This is a growing industry and according to the HSE there are no registration requirements, no minimum structural or operational standards to be attained before opening such a business, no basic training requirements for staff, no age of consent, and no medical history requirements for those availing of such services. Consequently, these premises are not included in any inspection programme by environmental health officers and receive no regular or routine visits from any statutory inspectorate. If not performed to the highest standards, tattooing and body piercing can potentially be an extremely hazardous practice. The risks associated with tattooing and body piercing range from acute infections to allergic reactions and can occur when the piercing or tattooing equipment becomes contaminated from contact with dirty surfaces or dirty hands, or from the infected body fluids or blood of the staff member or a previous client.

While most people associate tattooing with serious infectious risks such as hepatitis B, hepatitis C or HIV, even the most localised infection can be life threatening if it enters the blood stream and goes untreated. In addition, there is also a risk of an allergic reaction to the inks or metals used or the latex gloves worn by the service provider. Piercings are not permanent; they can close up but do leave a mark. Tattoos are permanent. I ask the Minister of State to consider regulating this growing industry as a matter of urgency to protect our youth. Parental guidance and consent should be required for those under 18 years of age.

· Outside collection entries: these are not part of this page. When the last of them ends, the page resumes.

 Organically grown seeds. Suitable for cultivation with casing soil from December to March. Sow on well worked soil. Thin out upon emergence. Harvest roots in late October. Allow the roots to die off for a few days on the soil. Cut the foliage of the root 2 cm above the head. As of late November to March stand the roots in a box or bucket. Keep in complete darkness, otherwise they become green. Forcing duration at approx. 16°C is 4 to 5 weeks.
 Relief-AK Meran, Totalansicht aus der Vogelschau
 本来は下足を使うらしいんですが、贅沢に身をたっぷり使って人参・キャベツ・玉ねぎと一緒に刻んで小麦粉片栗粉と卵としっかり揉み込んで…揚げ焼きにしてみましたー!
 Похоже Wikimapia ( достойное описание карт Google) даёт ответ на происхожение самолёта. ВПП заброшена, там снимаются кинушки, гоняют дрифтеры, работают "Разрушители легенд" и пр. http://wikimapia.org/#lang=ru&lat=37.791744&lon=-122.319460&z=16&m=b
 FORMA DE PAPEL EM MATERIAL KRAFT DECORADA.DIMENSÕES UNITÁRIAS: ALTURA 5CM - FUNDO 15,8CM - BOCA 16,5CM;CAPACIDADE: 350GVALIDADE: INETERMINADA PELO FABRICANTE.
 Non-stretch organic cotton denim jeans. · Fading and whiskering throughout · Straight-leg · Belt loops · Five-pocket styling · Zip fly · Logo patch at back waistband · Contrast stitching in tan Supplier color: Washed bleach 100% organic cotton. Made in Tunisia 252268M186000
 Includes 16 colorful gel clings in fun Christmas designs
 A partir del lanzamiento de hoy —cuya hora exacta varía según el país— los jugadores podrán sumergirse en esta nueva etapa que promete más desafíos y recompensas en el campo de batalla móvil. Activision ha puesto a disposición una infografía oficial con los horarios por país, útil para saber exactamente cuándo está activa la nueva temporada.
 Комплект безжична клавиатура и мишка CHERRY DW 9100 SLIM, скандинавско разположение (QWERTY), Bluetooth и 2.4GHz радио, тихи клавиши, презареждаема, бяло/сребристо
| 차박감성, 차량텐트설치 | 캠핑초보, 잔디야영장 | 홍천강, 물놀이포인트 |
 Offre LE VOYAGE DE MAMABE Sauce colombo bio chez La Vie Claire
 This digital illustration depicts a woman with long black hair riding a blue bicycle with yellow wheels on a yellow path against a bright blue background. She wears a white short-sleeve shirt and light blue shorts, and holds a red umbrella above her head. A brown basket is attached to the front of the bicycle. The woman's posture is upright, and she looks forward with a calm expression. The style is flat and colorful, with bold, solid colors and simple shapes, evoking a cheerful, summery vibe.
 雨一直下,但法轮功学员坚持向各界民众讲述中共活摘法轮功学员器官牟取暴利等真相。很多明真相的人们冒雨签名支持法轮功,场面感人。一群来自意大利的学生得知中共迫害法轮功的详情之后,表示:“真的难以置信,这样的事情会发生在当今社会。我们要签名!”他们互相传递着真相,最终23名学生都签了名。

I thank Senator O'Neill for raising this issue and for his insightful and well-informed survey of the issues. It provides me with an opportunity to update the House on this matter. At present, there is no legislation specifically regulating the activities of persons providing tattooing or body piercing services in Ireland. However, it should also be noted that there are many cases where young people acquire tattoos or piercings while on holidays abroad or travelling, so even the legal framework advocated by Senator O'Neill would not have extraterritorial effect. I understand the issues he is raising in respect of this jurisdiction.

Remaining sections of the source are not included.